YOUR GOAL:
Begin at the line where "- 【Folding Bluetooth" appears and reproduce exactly every line through the end of the data below, both included, skipping pictures.

PROVIDED MATERIAL:

-=-=-=-=-

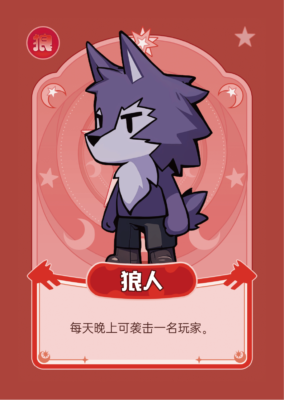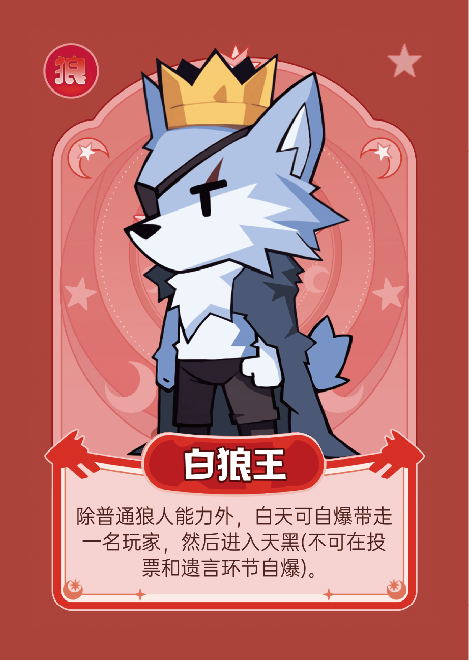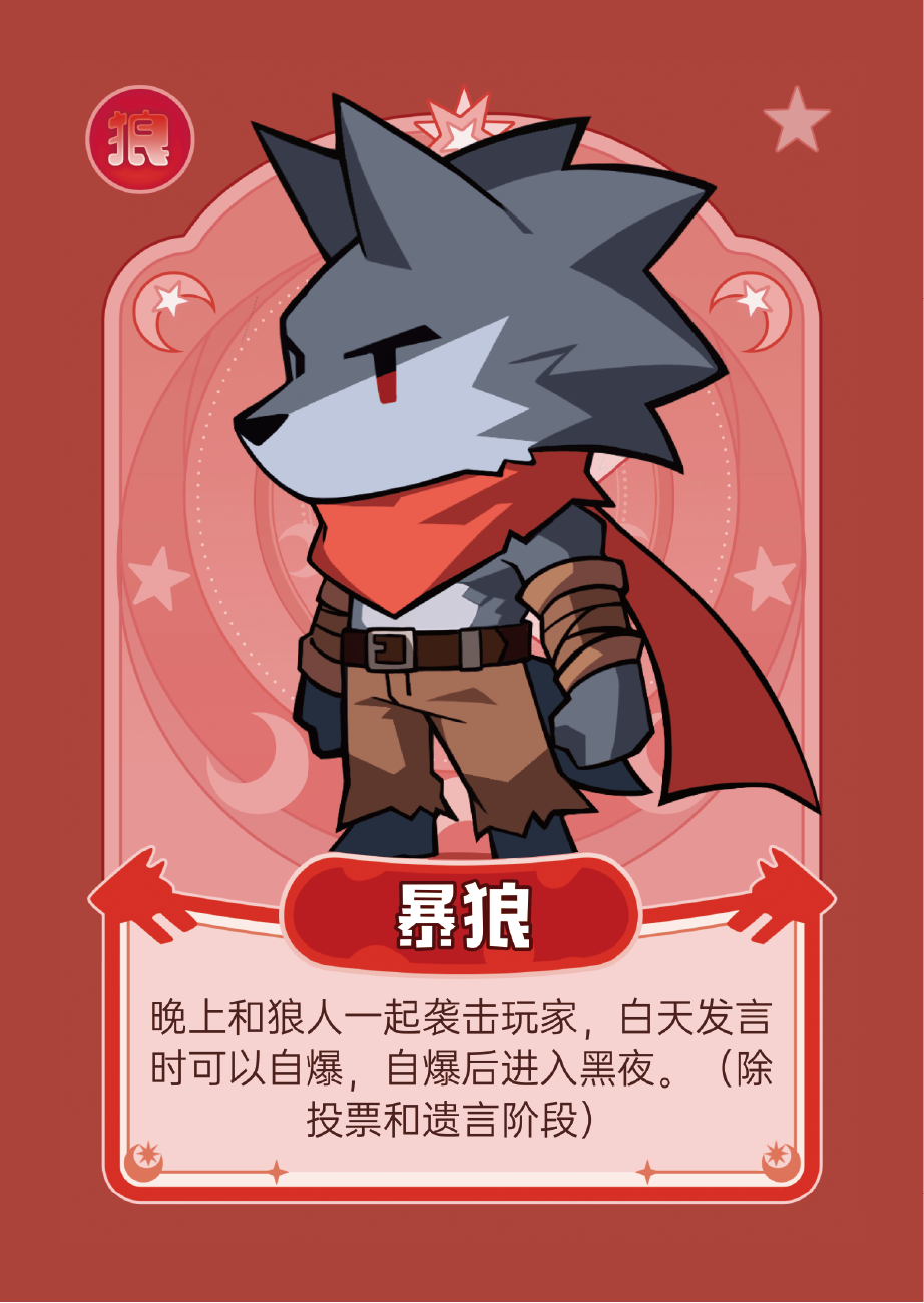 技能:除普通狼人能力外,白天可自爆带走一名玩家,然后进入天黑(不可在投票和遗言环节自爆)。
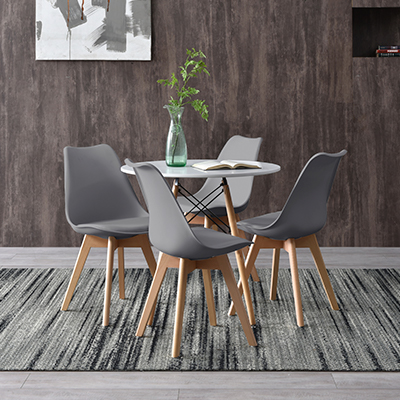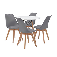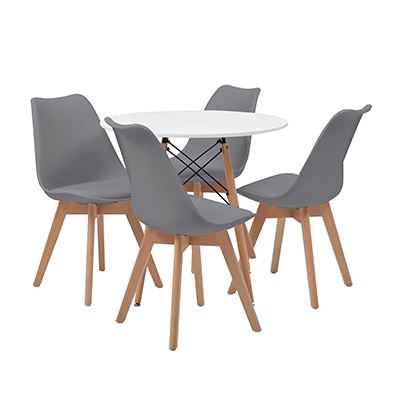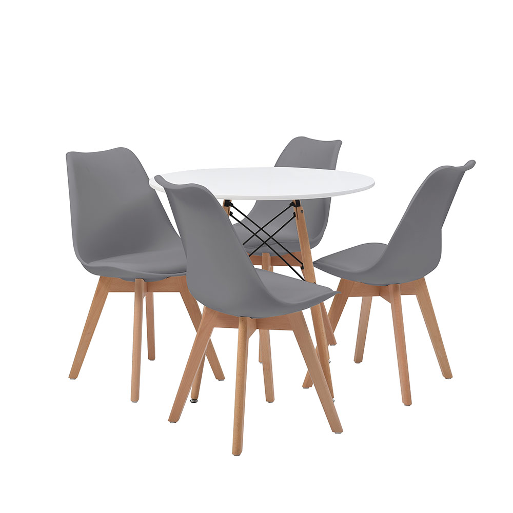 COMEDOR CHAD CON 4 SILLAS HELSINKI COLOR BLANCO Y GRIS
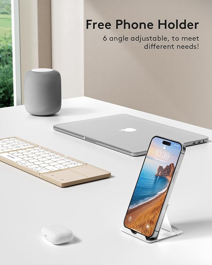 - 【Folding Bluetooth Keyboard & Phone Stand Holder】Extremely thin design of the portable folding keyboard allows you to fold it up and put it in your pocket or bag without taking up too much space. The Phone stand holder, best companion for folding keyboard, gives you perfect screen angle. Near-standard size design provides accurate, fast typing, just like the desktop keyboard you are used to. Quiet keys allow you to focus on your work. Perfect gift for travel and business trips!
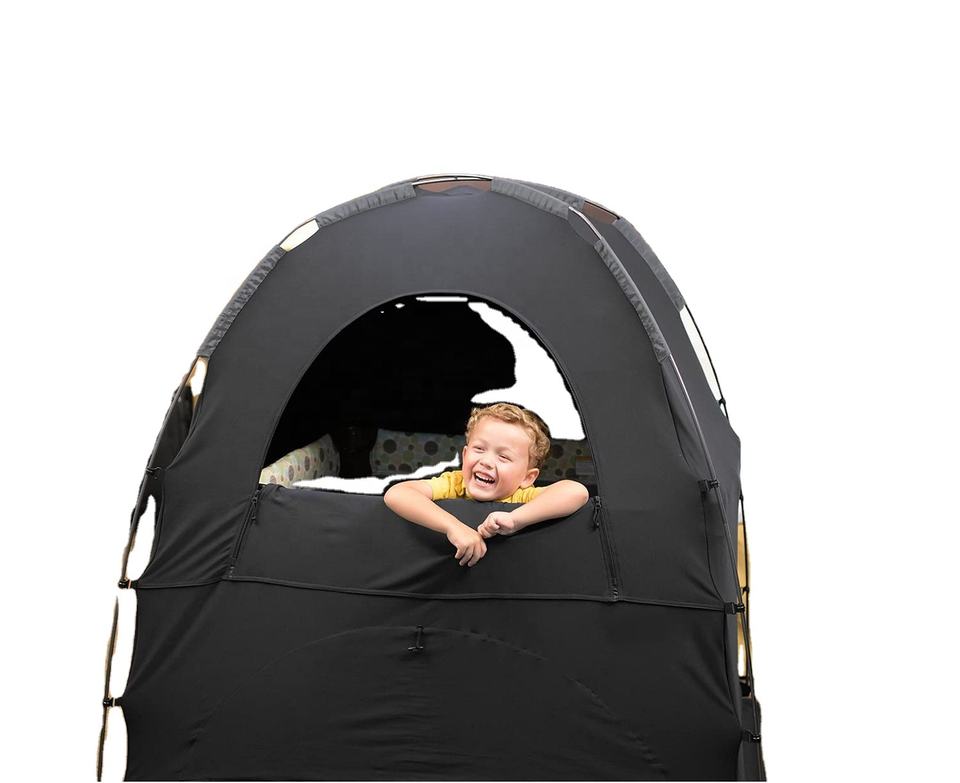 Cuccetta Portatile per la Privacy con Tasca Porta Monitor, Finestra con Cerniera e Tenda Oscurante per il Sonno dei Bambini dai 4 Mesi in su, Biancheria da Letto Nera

-=-=-=-=-

RESULT BELOW:
 - 【Folding Bluetooth Keyboard & Phone Stand Holder】Extremely thin design of the portable folding keyboard allows you to fold it up and put it in your pocket or bag without taking up too much space. The Phone stand holder, best companion for folding keyboard, gives you perfect screen angle. Near-standard size design provides accurate, fast typing, just like the desktop keyboard you are used to. Quiet keys allow you to focus on your work. Perfect gift for travel and business trips!
 Cuccetta Portatile per la Privacy con Tasca Porta Monitor, Finestra con Cerniera e Tenda Oscurante per il Sonno dei Bambini dai 4 Mesi in su, Biancheria da Letto Nera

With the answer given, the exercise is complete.